The G League announced Thursday a new type of contract that would put young players on a professional path right out of high school. The deal would award players $125,000 for the five-month season, more than triple the current minimum pay for newcomers to the league.
The offer could be enough to persuade talented high school seniors to skip over college enroute to the NBA Draft and marks a new assault on the “one-and-done” practice in the NCAA, where college coaches vie for the country’s best high school seniors knowing they’re unlikely to stay more than a year.
In April, a task force charged with fixing college basketball asked the NBA and its players union to change rules that say a player must be 19 years old and 12 months removed from his graduating high school class to be eligible to enter the league.
Changing that rule requires approval from the National Basketball Players Association, but this step can be done immediately. Beginning next year, the $125,000 deals will be available to prospects who are 18 years old, not enrolled in college and deemed worthy by a G League program manager. The professional path will include academic opportunities and mentoring, plus a scholarship process for those who want to go to college after they stop playing.
The contract provides another viable option for elite high school basketball players who have designs on an NBA career. Until now, they’ve been able to play for a full salary overseas -- a path notably taken by Brandon Jennings -- but the vast majority of elite high school players commit to playing in college. Under the new G League program, they’ll also be able to hire agents, sign shoe deals and market themselves, options currently unavailable under NCAA rules.

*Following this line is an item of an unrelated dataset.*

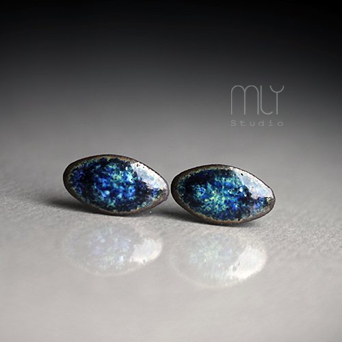 Efektowne kolczyki w formie sztyftów, ręcznie wykonane z delikatnej czekoladowobrązowej gliny kamionkowej, jednostronnie szkliwione efektownym błękitnym szkliwem, na antyalergicznych sztyftach w kolorze srebrnym.długość elementu ceramicznego ok. 14mm, Polecam

The announcement comes amid increasing skepticism about NCAA rules, particularly as they apply to basketball eligibility. At an ongoing federal corruption trial in New York, Adidas AG executives and consultants have testified to offering tens of thousands of dollars to elite recruits and their families in order to influence which schools they attended.
An odd byproduct of the testimony is a rough estimate of the going rate for top recruits, a range that’s generally well below $125,000. This underground economy, a product of that one-and-done requirement, defrauds the schools, according to the U.S. government.
Founded in 2001, but rebranded in 2017 after a sponsorship from Gatorade, the 27-team G League has become a testing ground of sorts for the NBA to experiment with new business idea. Last season G League games streamed on the popular gaming site Twitch, and some on-court rule changes have debuted the development league. The league also recently raised the minimum salary from $19,000 to $35,000.